Ihagee Kamerawerk's medium format 6x6cm SLR system based on the Pentacon six legacy. It consisted of a single camera, the EXAKTA 66, with a more modern and stylish design of the camera body, but also with the same good old Pentacon six breech-lock bayonet mount and a choice of a TTL prism finder or a folding hood with magnifier for comfortable waist level shooting. The camera was announced at Photokina 1984, produced from 1985 in small batches and sold from 1986. It was not very popular, and in total no more than 5-6 thousand units were sold.
A versatile lens range for the EXAKTA 66 covered altogether twelve interchangeable lenses of focal lengths from 60mm** to 280mm. It included two Variogon zooms and a 55mm PCS tilt-and-shift lens. Symmar-S and M-Componon were special lenses intended for macrophotography with the extension bellows. All these lenses were top quality computer designed systems*** of a famous make: Schneider-Kreuznach. All had a spring-loaded auto-stopdown mechanism and a coupling pin for automatic aperture input into the TTL metering system of the prism finder.

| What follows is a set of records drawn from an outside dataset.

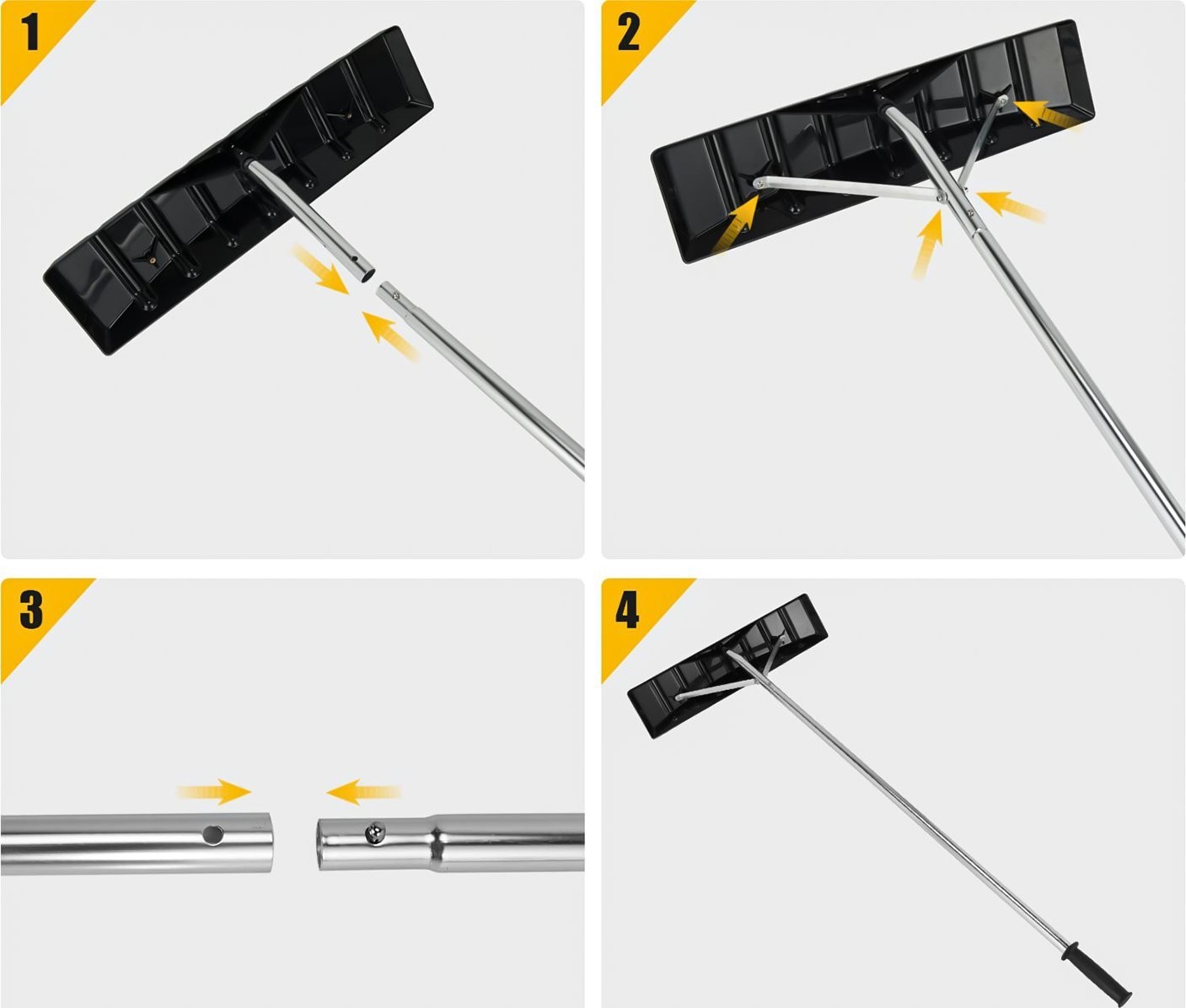 - Złożenie narzędzia: Wybierz odpowiednią ilość przedłużek, aby dopasować długość łopaty do wysokości, którą chcesz odśnieżyć.
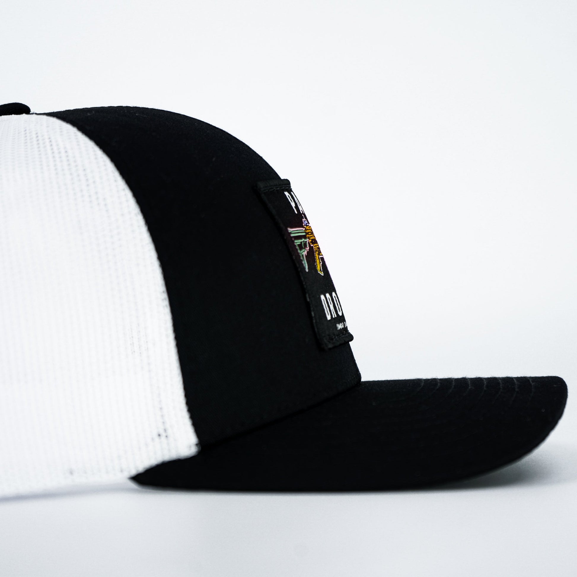 A Trucker hat that combines classic style with modern comfort, featuring a structured 6-panel design and a hard buckram front for a timeless look. Its breathable mesh back ensures optimal airflow, keeping you cool during any activity. Crafted from a 65% polyester and 35% cotton blend, this hat offers durability and a comfortable fit thanks to it's soft adjustable snapback closure.
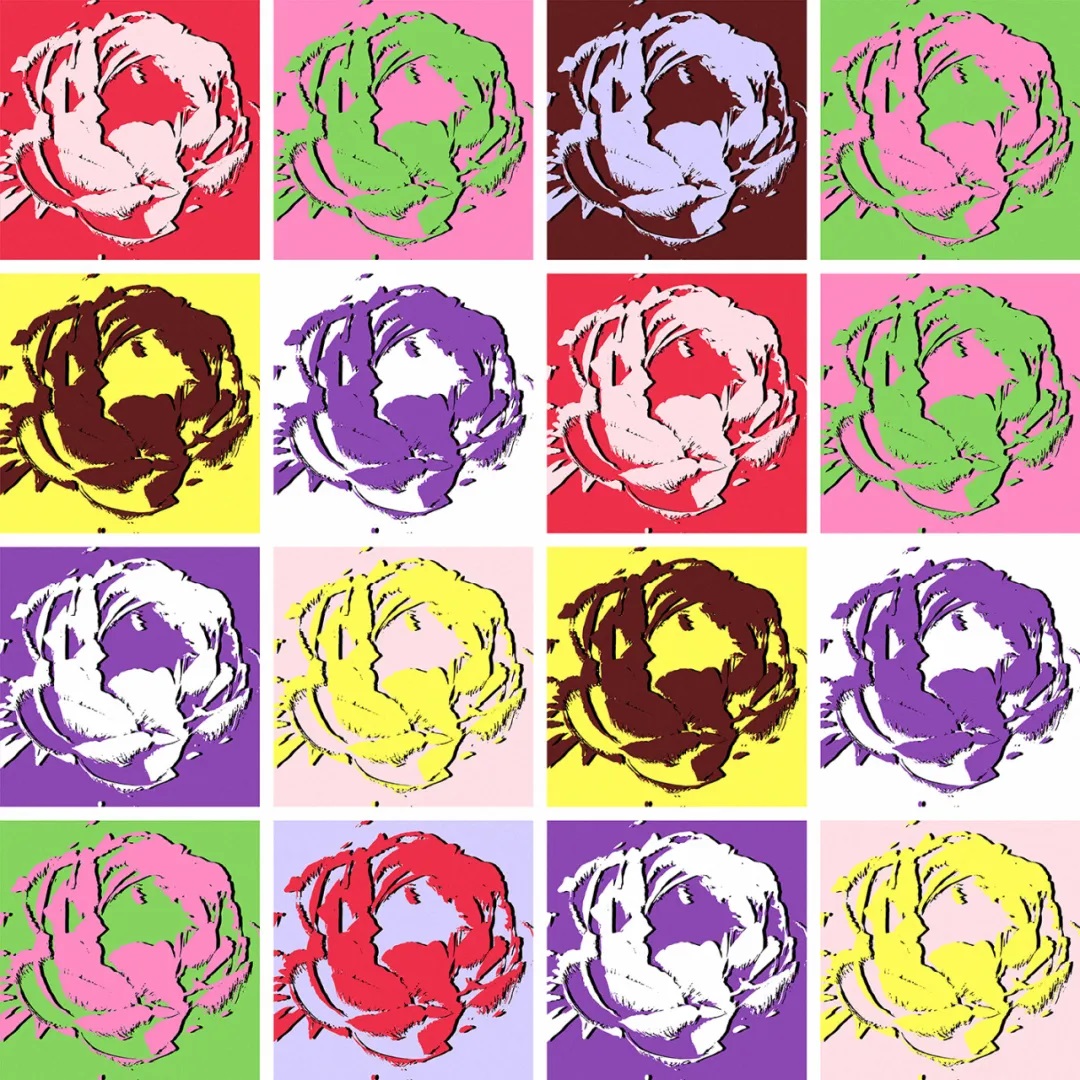 設計師朱凌志用波普藝術的形式將牡丹的九大色系還原,以無限循環和復制的方式,再現牡丹豐富的色彩。
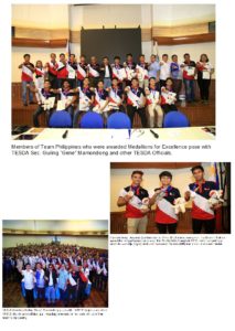 Eight Filipino competitors received the Medallion for Excellence award. They are Marc Dave Perez, Region lV-A, Restaurant Service; John Jay Abinal, Region V, Electrical Installations; Benedict Hornido, CARAGA, Graphic Design Technology; Heinrich Omlaan, Region Xl, Welding Technology; Anthony Cabigayan, Region lll, IT Software Solutions for Business; Joeminel U. Cutcharo, Region Vlll, Automobile Technology; Marvin Madla, Region lll, IT Network System Administration and Patrick Neil Noceja, National Capital Region (NCR), Web Design and Development.
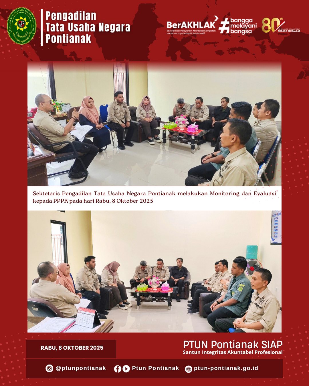 Rabu, 8 Oktober 2025, Sekretaris Pengadilan Tata Usaha Negara Pontianak melaksanakan kegiatan Monitoring dan Evaluasi terhadap Pegawai Pemerintah dengan Perjanjian Kerja (PPPK). Kegiatan ini bertujuan untuk meninjau pelaksanaan tugas dan tanggung jawab PPPK, sekaligus memberikan arahan dan evaluasi atas kinerja yang telah dilaksanakan. Melalui kegiatan ini, diharapkan para PPPK dapat terus meningkatkan disiplin, profesionalisme, dan integritas dalam mendukung pelayanan publik yang prima di lingkungan PTUN Pontianak.

** Manufacturer's literature also mentioned a Schneider-Kreuznach Curtagon 40/4 ultra-wide angle lens, however, apparently, it only existed in catalogs and was never actually released.
*** These optical designs, however, were not unique: Schneider-Kreuznach produced them not only for the EXAKTA 66, but also for Bronica SQ, Hasselblad 500/200/2000 and Rolleiflex SLX/6000 series cameras.